The Chinese puzzle

Piracy problem rooted in past, prof sez

Culture and history may be the biggest obstacles to reducing China’s voracious appetite for making and selling pirated goods, an expert told a Senate subcommittee Wednesday.

Pointing to centuries of Confucian ideology, which encourages mimicking the past over innovating in the present, and a long tradition of local authorities disregarding the dictates of national leaders, William Alford, director of East Asian studies at Harvard Law School, said any U.S. governmental response to piracy in China needs to address these two factors to be effective.

The Senate Subcommittee on Trade, Tourism & Economic Development hearing on piracy in China — among the largest producers and hawkers of bootleg movies and CDs in the world — initially focused on the Bush administration’s efforts to combat the problem.

Chris Israel, intellectual property rights czar at the Commerce Dept., said while Chinese authorities have made promises to crack down, filing a complaint against China with the World Trade Organization “is under active consideration.”

Ranking member Sen. Byron Dorgan (D-N.D.) demanded to know why the administration was only considering such a move, particularly when Chinese prosecutions of pirates have decreased in recent years and the overall problem has increased.

The administration wants to give Chinese authorities reasonable time to make good on their promises, and consideration needs to be given to the possible impact a WTO case would have on the Chinese marketplace, Israel replied.

“Time is running out,” said subcommittee chairman Gordon Smith (R-Ore.), signaling growing bipartisan impatience on the issue. “We’re sick of it.”

Israel said “the real challenge” of reducing piracy in China lies not with Chinese laws, which are improving, but with enforcement of those laws, especially at local levels, where corruption tends to thrive.

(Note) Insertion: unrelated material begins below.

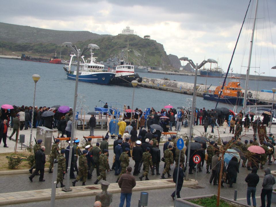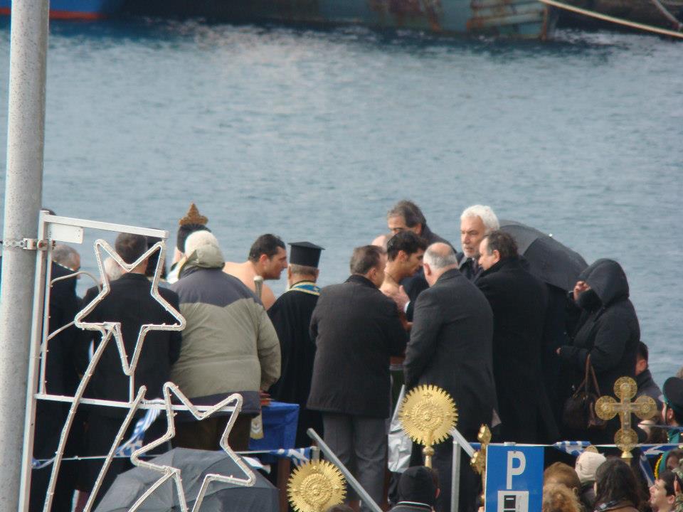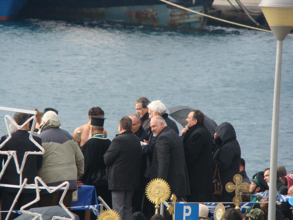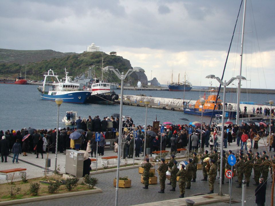 Ο Αγιασμός των Υδάτων και η ρίψη του Τμίου Σταυρού ξεκίνησαν στις 11 το πρωί χοροστατούντος του Μητροπολίτη Λήμνου κ Αγίου Ευστρατίου κ. Ιερόθεου και με την παρουσία του βουλευτή του ΠΑΣΟΚ στο νομό κ. Νίκου Σηφουνάκη, ο οποίος ούτε φέτος "έσπασε" το έθιμο χρόνων να παραβρίσκεται στη Λήμο ανήμερα των Φώτων.

“It’s tempting to view this as a matter of will, or lack of will,” Alford said, referring to critics who have repeatedly alleged that China simply doesn’t care to enforce IPR protection. But even before Mao’s revolution, local authorities often were corrupt as well as contemptuous of orders issued from Beijing, Alford said.

Also, Confucianism’s emphasis on “venerating the past and extolling its emulation” has encouraged a mass sensibility geared to reproducing rather than creating, he added. The very idea of intellectual property, as well as independent thought, which produces IP, are “still novel concepts in China.”